Moses suggested to heartwire that the heparin-plus-abciximab arm in ISAR-REACT 2 was similar to the control arm (heparin or enoxaparin plus a IIb/IIIa blocker) in ACUITY, and so bivalirudin monotherapy given upstream still looks like the superior strategy. "ACUITY suggests that if bivalirudin had been used as the antithrombotic instead of heparin in ISAR-REACT 2, abciximab would not have shown the same benefits," he commented. He added: "The ISAR-REACT 2 results show that we used the correct regimen of a heparin plus a IIb/IIIa blocker as our control arm in ACUITY. If no additional benefit had been shown with abciximab in ISAR-REACT 2, people would have said that we should have used heparin alone as our control group. But as it is, the heparin/abciximab arm came out better in ISAR-REACT 2, and bivalirudin alone beat this combination in ACUITY."

But Mehta and Harrington both make the point that the ISAR-REACT 2 results reinforce the question of whether bivalirudin monotherapy would be sufficient in troponin-positive patients.

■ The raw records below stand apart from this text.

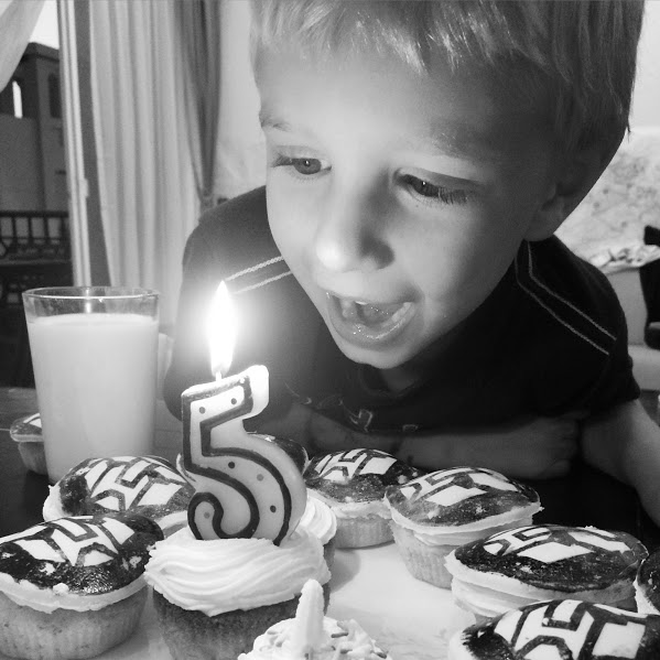 A 19. dubna došlo i na Theušku, ale moc to už neprožíval, protože 5 už mu přece bylo dávno. “Můžu už teď říkat, že je mi skoro šest?” – Nespěchej, chlapče, nespěchej! Do třetího dortu za měsíc se mi evidentně moc nechtělo :-D, ale transformerovské téma jsme udrželi – na cupcakes i nových crocsech.
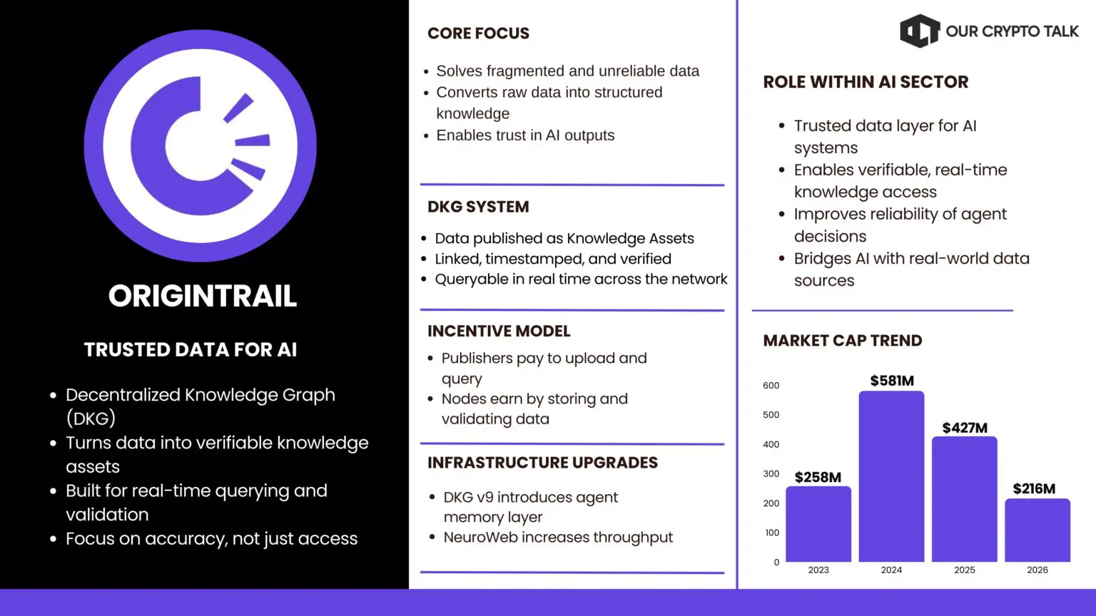 $TRAC sits in the AI data layer, valued at $171M. OriginTrail built the layer most AI projects ignored. Trusted data. Its Decentralized Knowledge Graph turns fragmented information into structured, connected assets that can be queried in real time. Enterprises, institutions, and developers upload data as Knowledge Assets. Each one is linked, timestamped, and verified across a distributed network.
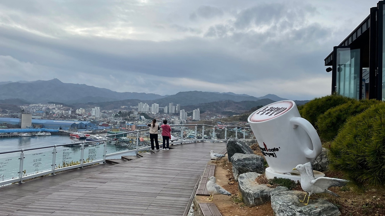 종일 카페에 있다 오는 길이었기 때문에, 카페 내부에 들어가 보진 않았다. 그렇지만 사진에서 보던 것과 같이 너무나 예쁜 전망의 카페였다. 잠깐 커피잔 모양의 조형물 앞, 벤치에 앉아 바다 구경을 했다. 아래에서 가까이 보는 바다와는 또 다른 느낌이었다. 탁 트인 전망이 그렇게나 시원했다. 비도 마침 그쳐줘서 다행이었다. 춥지도 않고, 적당히 불어오는 시원한 바람에 '행복하다'라는 생각이 웃음 새듯 새어 나왔다.
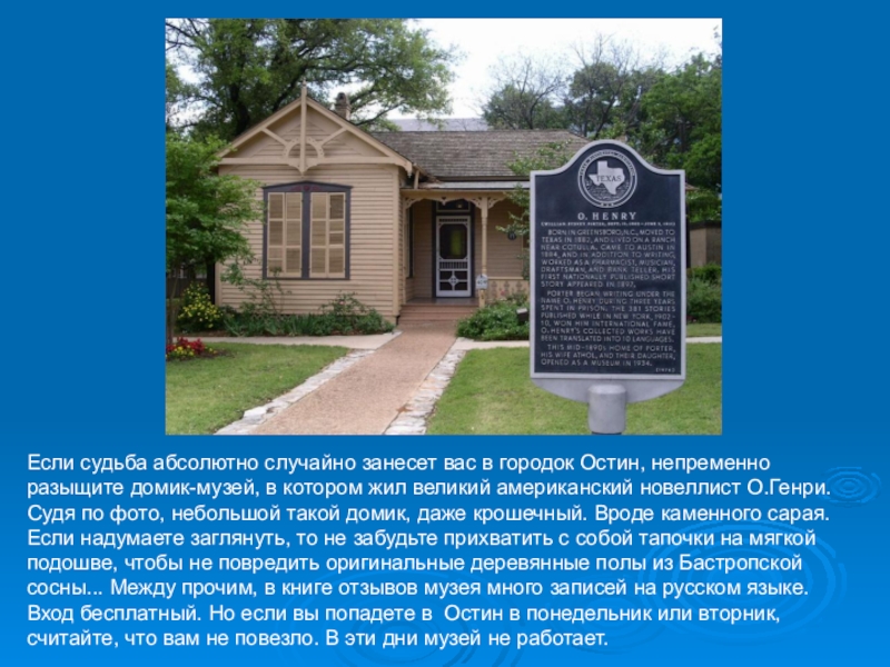 домик-музей, в котором жил великий американский новеллист О.Генри. Судя по фото, небольшой такой домик, даже крошечный. Вроде каменного сарая. Если надумаете заглянуть, то не забудьте прихватить с собой тапочки на мягкой подошве, чтобы не повредить оригинальные деревянные полы из Бастропской сосны... Между прочим, в книге отзывов музея много записей на русском языке. Вход бесплатный. Но если вы попадете в Остин в понедельник или вторник, считайте, что вам не повезло. В эти дни музей не работает.

Mehta says: "ISAR-REACT 2 confirms previous data showing that we do need to use IIb/IIIa blockers in troponin-positive patients. So this highlights the fact that in ACUITY the group we really need to focus on are those with raised troponins, and ACUITY actually showed no benefit from bivalirudin in that group." Harrington agrees: "Troponin-positive patients are an important high-risk group, and ISAR REACT 2 is the latest trial to show that this group gets preferential benefit to platelet inhibition with a IIb/IIIa blocker," he noted.

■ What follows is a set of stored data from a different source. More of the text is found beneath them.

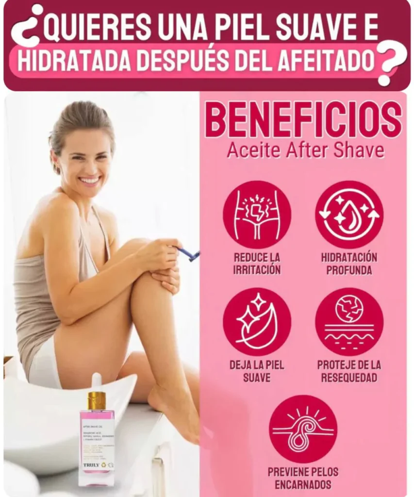 Este aceite está diseñado para usar después del afeitado o depilación. Calma la irritación, blanquea, hidrata profundamente, previene vellos encarnados y deja la piel suave, luminosa y con un delicado aroma a fresa y vainilla.
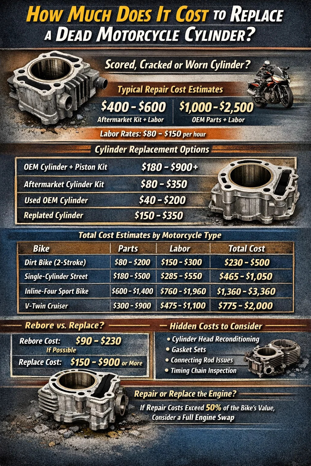 Jos moottoripyöräsi sylinteri on juuttunut, haljennut tai kulunut yli vaatimuksia, katsot korjauslaskua, joka vaihtelee yleensä 300–1500 dollaria tai enemmän , riippuen moottorityypistä, vaihtosylinterin tai -sarjan hinnasta ja liikkeesi työmäärästä. Pienessä yksisylinterisessä työmatkapyörässä budjettiystävällinen jälkimarkkinasylinterisarja voi maksaa vain 80–150 dollaria osista. Suuritilavuuksisessa kaksois- tai nelisylinterisessä urheilupyörässä OEM-sylinterikomponentit voivat painaa yli 600–900 dollaria, ennen kuin mekaanikko ottaa avaimen käteensä. Lisää työvoimaa – joka yleensä maksaa 80–150 dollaria tunnissa – ja työ, joka kestää 4–8 tuntia, niin kokonaiskustannukset nousevat nopeasti.
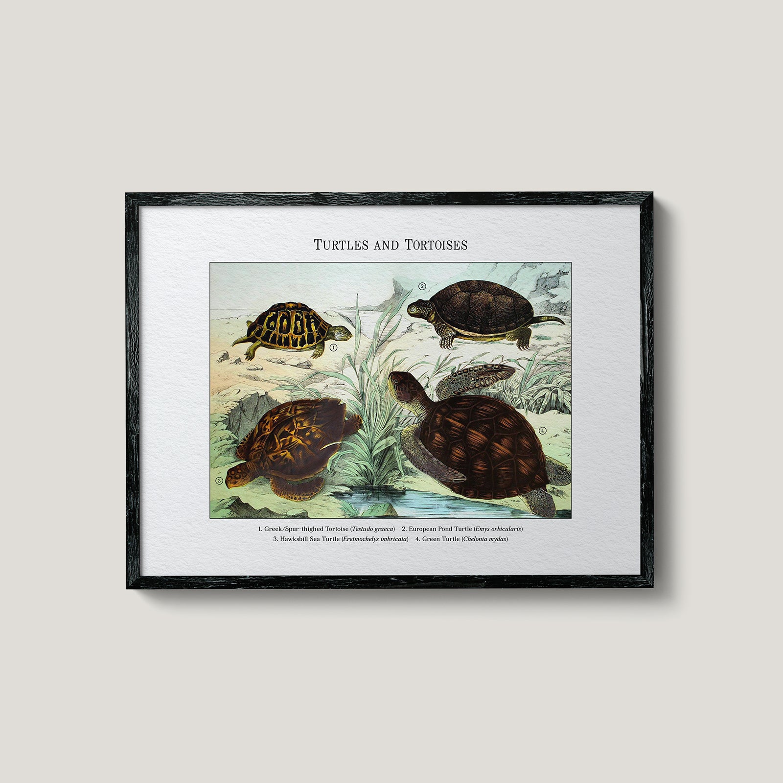 Restored from a 19th-century plate, this vintage scientific illustration gathers turtles and tortoises—the Greek Spur-thighed Tortoise (Testudo graeca), European Pond Turtle (Emys orbicularis), Hawksbill Sea Turtle (Eretmochelys imbricata), and Green Turtle (Chelonia mydas)—arranged around a sandy bank and calm shallows with reeds and aquatic plants. The restoration preserves period character while reviving fine linework and color, making it a striking natural history art print for study or display.
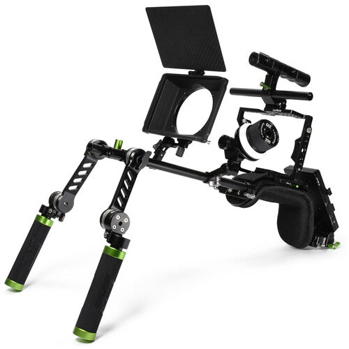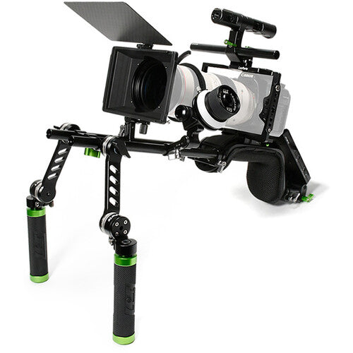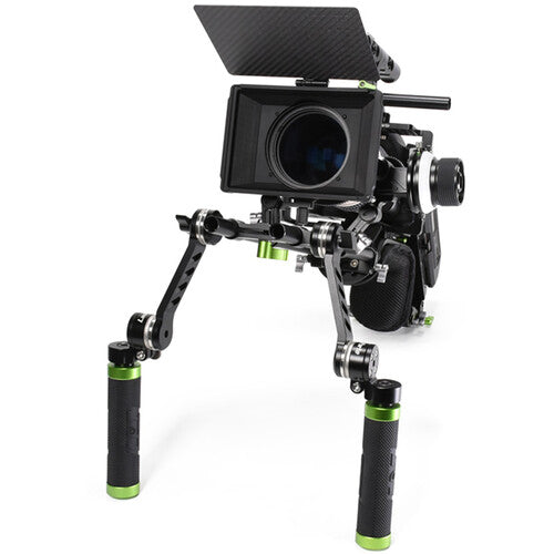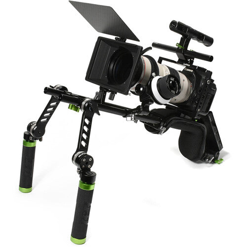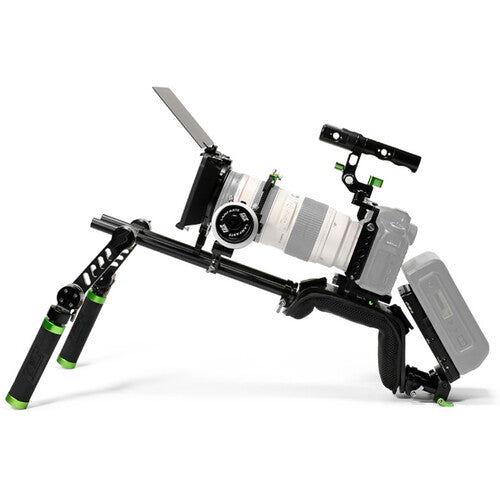 Your camera mounts onto the camera cage and provides a variety of mounting points and protection while keeping the ports, battery door, and display on your camera open. The top handle mounts on top of the cage and provides a single, 7.9" horizontal 15mm rod for additional mounting options. The cage mounts onto the shoulder support that features a soft shoulder pad. This assembly mounts onto the central 11.8" 15mm rods, as do the shoulder mount, follow focus, matte box, and dual handgrips.

Chief investigator of ISAR-REACT 2, Dr Adnan Kastrati (Deutsches Herzzentrum, Munich, Germany), points out that there were many differences between his trial and ACUITY, and he believes the two studies cannot be directly compared. "In ACUITY, patients were randomized on first presentation, and 43% of them never even received a PCI. Patients who do not undergo PCI need neither IIb/IIIa blockers nor bivalirudin. Whereas in ISAR-REACT 2, we randomized patients in the cath lab and all patients received a PCI. Also, our patients were a higher-risk group than those in ACUITY. And the control group in ACUITY was a mixture of all sorts—two different types of heparin, three different IIb/IIIa blockers given at two different times (prior to cath lab and in the cath lab). In our trial, the heparin/IIb/IIIa-blocker arm was one regimen—unfractionated heparin and abciximab given in the cath lab," he told heartwire. Kastrati believes that another trial is probably needed in which high-risk ACS patients with raised troponins are randomized in the cath lab to heparin plus abciximab or bivalirudin alone.

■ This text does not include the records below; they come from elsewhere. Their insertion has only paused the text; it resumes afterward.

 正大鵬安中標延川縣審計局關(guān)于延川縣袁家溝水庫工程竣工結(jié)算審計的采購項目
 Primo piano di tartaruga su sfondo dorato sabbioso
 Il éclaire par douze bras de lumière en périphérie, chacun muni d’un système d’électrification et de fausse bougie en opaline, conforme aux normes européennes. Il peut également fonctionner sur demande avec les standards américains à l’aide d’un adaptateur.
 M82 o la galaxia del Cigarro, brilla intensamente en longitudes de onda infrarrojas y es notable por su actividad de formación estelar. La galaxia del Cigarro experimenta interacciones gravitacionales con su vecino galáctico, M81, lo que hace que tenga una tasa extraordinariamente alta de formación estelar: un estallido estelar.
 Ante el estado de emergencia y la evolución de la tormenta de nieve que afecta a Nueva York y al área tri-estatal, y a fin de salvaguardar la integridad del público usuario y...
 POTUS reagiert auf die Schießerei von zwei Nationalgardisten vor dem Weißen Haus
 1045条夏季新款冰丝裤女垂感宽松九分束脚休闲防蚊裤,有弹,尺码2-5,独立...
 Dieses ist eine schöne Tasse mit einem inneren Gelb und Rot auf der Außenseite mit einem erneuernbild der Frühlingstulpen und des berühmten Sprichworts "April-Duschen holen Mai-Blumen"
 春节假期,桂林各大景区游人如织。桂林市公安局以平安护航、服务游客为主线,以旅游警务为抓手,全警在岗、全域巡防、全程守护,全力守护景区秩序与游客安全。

But one of the moderators of the session at which ISAR-REACT 2 was presented, Dr Bernard Gersh (Mayo Clinic, Rochester, MN) was not convinced such a study is necessary. He commented to heartwire: "Okay, there are subtle differences between the two trials, but bivalirudin showed a clear benefit over heparin plus a IIb/IIIa blocker in ACUITY and was even better in the presence of clopidogrel. So I would feel comfortable not giving abciximab in the cath lab even after the ISAR-REACT 2 results."